My guess is a good as yours but there can be no denying that either the candidates are being short-changed by the voters or vice versa.

One cannot but think and reflect deeply about one of the election educators recalling and relating lately on one of the Namibian Broadcasting Corporation’s (NBC) language services’ current affairs programme, a situation where they first had to provide a group of people deep in the rural Opuwo Constituency in the Kunene Region with some food rations to enable them more receptive and absorptive to voter education.

Surely voters could not care much either about voter education or voting on empty stomachs.

Axiomatically can one really also expect someone to cast her/his vote on an empty stomach unless there is a genuine hope that not long after the casting of such a vote, something material, even if only a slice of bread, would land in her impoverished and decimated hands, frail from hunger and neglect in between the polls, and from dissipated promises from one election to the other?

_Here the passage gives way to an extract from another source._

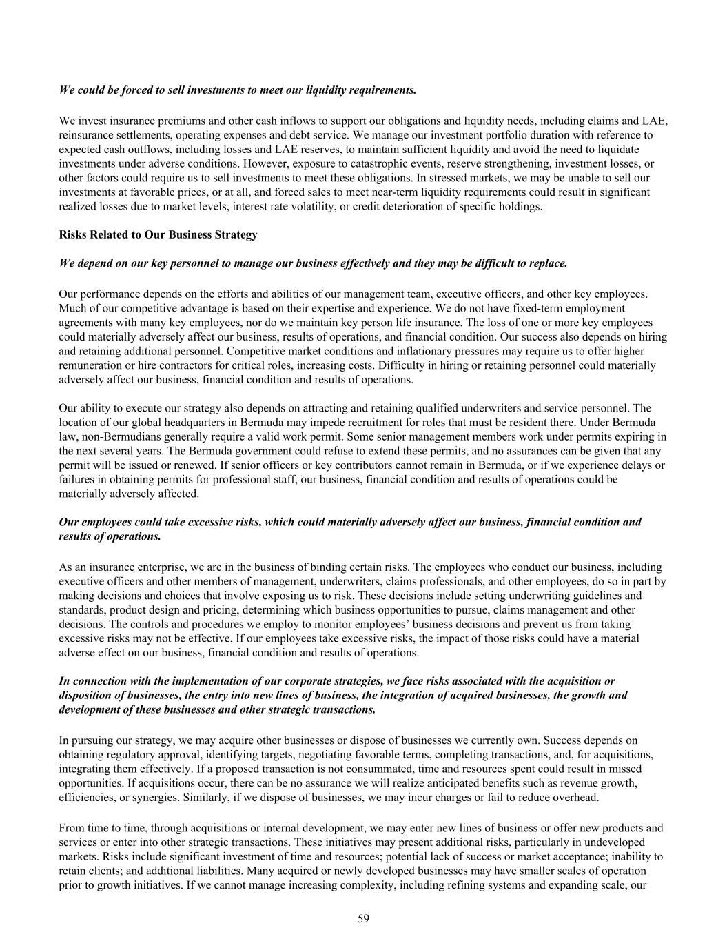 We could be forced to sell investments to meet our liquidity requirements. We invest insurance premiums and other cash inflows to support our obligations and liquidity needs, including claims and LAE, reinsurance settlements, operating expenses and debt service. We manage our investment portfolio duration with reference to expected cash outflows, including losses and LAE reserves, to maintain sufficient liquidity and avoid the need to liquidate investments under adverse conditions. However, exposure to catastrophic events, reserve strengthening, investment losses, or other factors could require us to sell investments to meet these obligations. In stressed markets, we may be unable to sell our investments at favorable prices, or at all, and forced sales to meet near-term liquidity requirements could result in significant realized losses due to market levels, interest rate volatility, or credit deterioration of specific holdings. Risks Related to Our Business Strategy We depend on our key personnel to manage our business effectively and they may be difficult to replace. Our performance depends on the efforts and abilities of our management team, executive officers, and other key employees. Much of our competitive advantage is based on their expertise and experience. We do not have fixed-term employment agreements with many key employees, nor do we maintain key person life insurance. The loss of one or more key employees could materially adversely affect our business, results of operations, and financial condition. Our success also depends on hiring and retaining additional personnel. Competitive market conditions and inflationary pressures may require us to offer higher remuneration or hire contractors for critical roles, increasing costs. Difficulty in hiring or retaining personnel could materially adversely affect our business, financial condition and results of operations. Our ability to execute our strategy also depends on attracting and retaining qualified underwriters and service personnel. The location of our global headquarters in Bermuda may impede recruitment for roles that must be resident there. Under Bermuda law, non-Bermudians generally require a valid work permit. Some senior management members work under permits expiring in the next several years. The Bermuda government could refuse to extend these permits, and no assurances can be given that any permit will be issued or renewed. If senior officers or key contributors cannot remain in Bermuda, or if we experience delays or failures in obtaining permits for professional staff, our business, financial condition and results of operations could be materially adversely affected. Our employees could take excessive risks, which could materially adversely affect our business, financial condition and results of operations. As an insurance enterprise, we are in the business of binding certain risks. The employees who conduct our business, including executive officers and other members of management, underwriters, claims professionals, and other employees, do so in part by making decisions and choices that involve exposing us to risk. These decisions include setting underwriting guidelines and standards, product design and pricing, determining which business opportunities to pursue, claims management and other decisions. The controls and procedures we employ to monitor employees’ business decisions and prevent us from taking excessive risks may not be effective. If our employees take excessive risks, the impact of those risks could have a material adverse effect on our business, financial condition and results of operations. In connection with the implementation of our corporate strategies, we face risks associated with the acquisition or disposition of businesses, the entry into new lines of business, the integration of acquired businesses, the growth and development of these businesses and other strategic transactions. In pursuing our strategy, we may acquire other businesses or dispose of businesses we currently own. Success depends on obtaining regulatory approval, identifying targets, negotiating favorable terms, completing transactions, and, for acquisitions, integrating them effectively. If a proposed transaction is not consummated, time and resources spent could result in missed opportunities. If acquisitions occur, there can be no assurance we will realize anticipated benefits such as revenue growth, efficiencies, or synergies. Similarly, if we dispose of businesses, we may incur charges or fail to reduce overhead. From time to time, through acquisitions or internal development, we may enter new lines of business or offer new products and services or enter into other strategic transactions. These initiatives may present additional risks, particularly in undeveloped markets. Risks include significant investment of time and resources; potential lack of success or market acceptance; inability to retain clients; and additional liabilities. Many acquired or newly developed businesses may have smaller scales of operation prior to growth initiatives. If we cannot manage increasing complexity, including refining systems and expanding scale, our 59

Yes, if those advocating some of the radical changes that are being advocated have any likelihood of transforming such promises into reality, one would have said there are choices available to the voters.

But this is far from the case. Yes, if peace, stability and tranquillity that we have been enjoying over the years since independence start somehow to manifest and transform into material wellbeing for the people, and the legacy that is to continue can equally become somehow tangible for the masses if not the majority of the Namibian people, then can one really speak of real choice (s).

But as for now there seems little choice other than the democratic choice of casting one’s vote, which at the end of the day in this era of economic hardships, seems like chasing a wild goose of electoral promises.

Is it for the sake of immediate material provision or for the sake of keeping the wheels of democracy oiled? Casting one’s vote to exercise one’s democratic right towards what end? Perpetuity of empty promises? Or intangible legacy?

Take your pick, but if these are the choices voters are being offered or seem to be promised this time around, it is as much there are no choices. It seems business as usual from one election after the other with poverty continuing unabated.

It seems the new dictum of freedom and independence is that the people shall be free and independent aesthetically, rhetorically and theoretically and psychologically but not physiologically, practically and materially as they do not eat.

It is a choice to be free and independent but evasive in terms of real progress, prosperity and well being.

A telling pointer and rude awakening to this sad reality of limited choices and empty promises is none other than the outcome of the recent by-elections in the Windhoek West Constituency where the candidate has been voted into office by a minority of the total registered voters in the constituency. Simply, this councillor shall, to say the least, be a councillor by democratic default!